The enthusiasm, however, is tempered by fears over how much sway Biden will give progressives and their firebrand leaders, including Senators Elizabeth Warren and Bernie Sanders. That’s especially true when it comes to picking appointees to run the powerful agencies that police banks and securities firms, jobs that the activists are mobilizing to fill with industry critics. At a minimum, progressives want to ensure that the days are long over when Democrats appointed officials like Robert Rubin, Timothy Geithner and Lawrence Summers, who is a key Biden adviser.

The stakes for Wall Street couldn’t be higher. Centrist regulators would be less likely to overturn rule rollbacks approved under Trump that have saved financial firms tens of billions of dollars.
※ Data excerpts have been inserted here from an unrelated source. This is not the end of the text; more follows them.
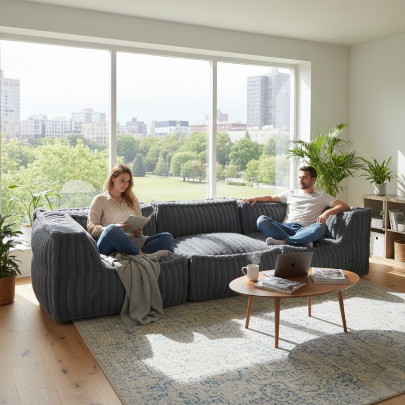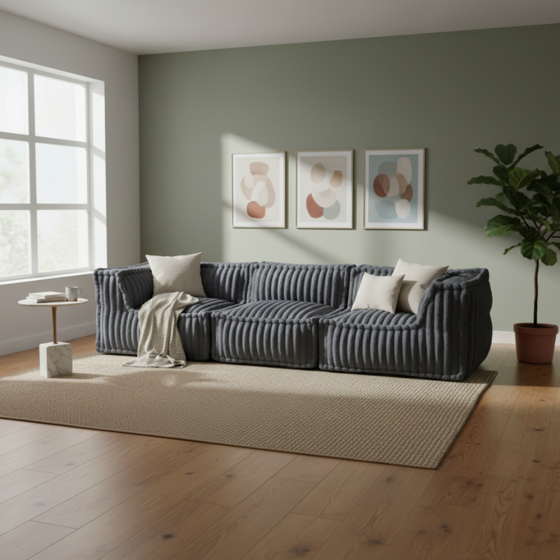 Pratique, évolutif et incroyablement doux, ce canapé modulable s’adapte à chaque espace et transforme le quotidien en un moment de détente permanente.
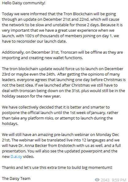 **Latest Updates Jan 10th 3 pm ESTDaisy Official Channel, [10.01.21 13:55] (https://t.me/daisy_global)UPDATE!!Most important, the only issue we are facing is the website reporting. SMART CONTRACT AND TRADING ARE 100% SOLID, ALL FUNDS ARE SAFE AND WORKING PROPERLY WITH ZERO ISSUES, AND ALL PAYOUTS AS WELL.We expected 100k members on day 1, we DID NOT expect 100k members in 10 minutes!! We have experts working 24/7 to perfect the website reporting.FOR NOW: Website login and registration is live, but here are some important tips:1) if ur referral link says daisy.global/r/undefined just replace undefined with your username2) back office reporting may show inaccurate numbers and may sometimes show that packs are not purchased, or may not let you purchase the next pack.Any backoffice issues require you to refresh the page (maybe multiple times) or logout (top right corner) and log back in.We are currently working to #1 minimize the back office reports in order to minimize the data overload short term, and #2 fixing the core website issues to handle our growth long term.These core fixes will take 3 to 5 days, and the short-term fixes should be seen through the day today.FOLLOW THE STEPS BELOW👇🏻
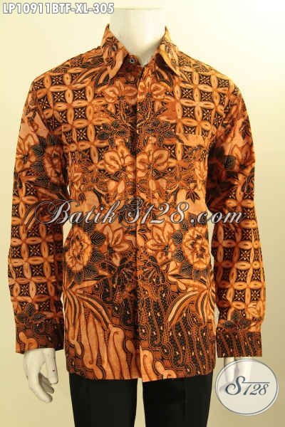 Koleksi Terkini Kemeja Lengan Panjang Pria Full Furing, Busana Batik Solo Elegan Mewah Motif Klasik Proses Kombinasi Tulis, Pas Banget Buat Rapat [LP10911BTF-XL]
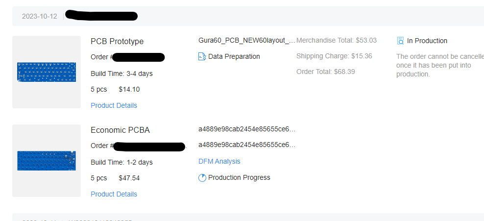 9월말에 EASYeda라는 PCB 설계 툴을 접하면서 툴을 간단하게 익히고 10월 1일부터 PCB 설계를 시작해서 10월 12일에 완성을 하고 JLCPCB에서 자작 키보드 기판 주문을 하였습니다
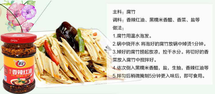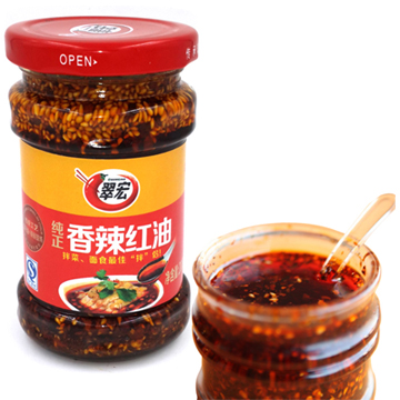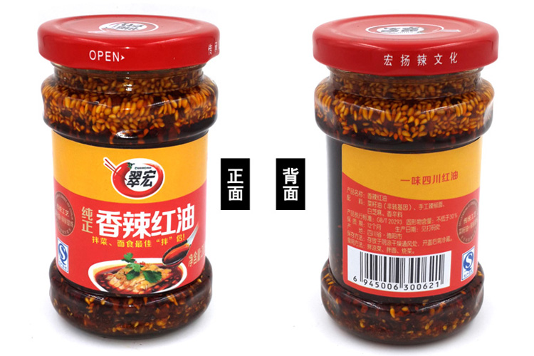 ![]() | 【产品名称】:翠宏香辣红油(辣椒油/油泼辣子) 【净含量】:200g</br> 【产品配料】菜籽油(非转基因)、手工辣椒面、白芝麻、香辛料等</br> 【保质期】:12个月</br> 【产地】:四川德阳</br> 【生产日期】:见盖子上方</br> 【储存条件】:存放于阴凉干燥通风处,开盖后需冷藏</br> |
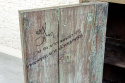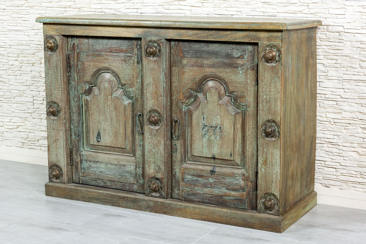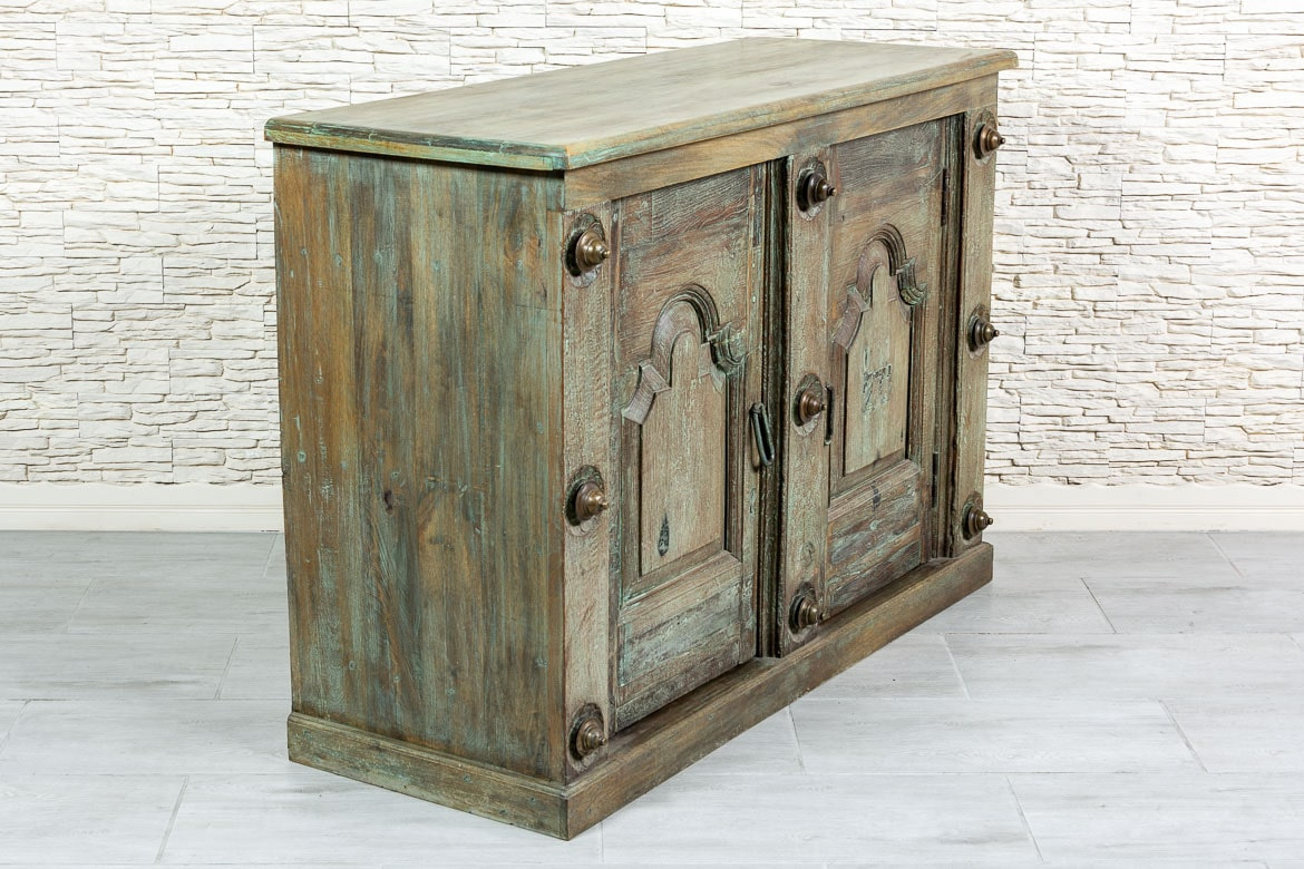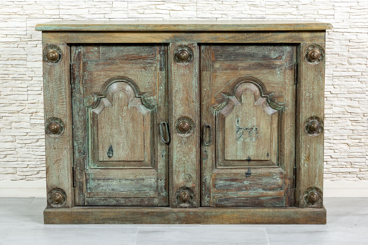 Zielona, przecierana komoda drewniana, wykonana ręcznie w Indiach z teku i starych, odzyskanych drzwi. Posiada duży schowek z półką. Jest niezwykle oryginalna, a zarazem funkcjonalna. Ciężki front ozdobiono dużymi, dekoracyjnymi okuciami. Mebel jest masywny i stabilny. Z pewnością posłuży przez długie lata i nie wyjdzie z mody. Polecamy do wnętrz orientalnych, kolonialnych i country. Mebel sprawdzi się w każdym pomieszczeniu.
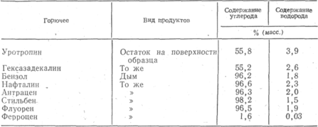 Химический состав конденсированных продуктов. Хлопьевид­ный остаток, образующийся на поверхности горения образцов уро­тропина и гексазадекалина, а также дым, образующийся при горе­нии бензола, нафталина, антрацена, стильбена; флуорена и фер­роцена, были собраны и подвергнуты микроанализу на содержание углерода и водорода методом пиролитического сожжения в токе кислорода. Помимо углерода и водорода значительную часть хлопьевидного остатка, образующегося при горении уротропина и гексазадекалина, очевидно, составляет азот (табл. П.6).
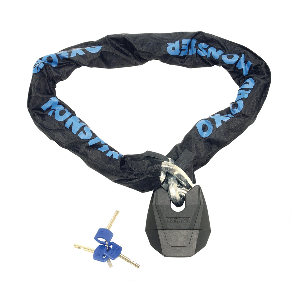 Oxford Monster XL 120 cm je jeden z najrobustnejších reťazových zámkov Oxford hrubý 14,5 mm, ktorý spoľahlivo zabezpečí nielen vašu motorku! Silná skoba s priemerom 16 mm, je vybavená mechanizmom, ktorý znemožňuje zámok vypáčiť. Reťaz je vyrobená z tvrdenej ocele, ktorá je pokrytá textilným plášťom, ktorý ju chráni pred prachom a poškodením. Súčasťou balenia je súprava troch kľúčov pre bezpečné odomknutie.

Progressive agency heads, on the other hand, could pursue what the C-suite calls the “shame and investigation agenda.” Policies like taxes on trading, curbs on executive pay and even breaking up behemoth banks would be back on the table.

To wonder whether ‘Wall Street’ has some understanding of our current morass, much less the words ‘joy’ or ‘ misery,’ is to weep. Of course they do. Always check the business press if you’re wondering at all about the soul of a consumer society. Mantra for post-2016 world: it’s always worse than you think.

Image: Replica golden calf. Subtlety is NOT their strong point.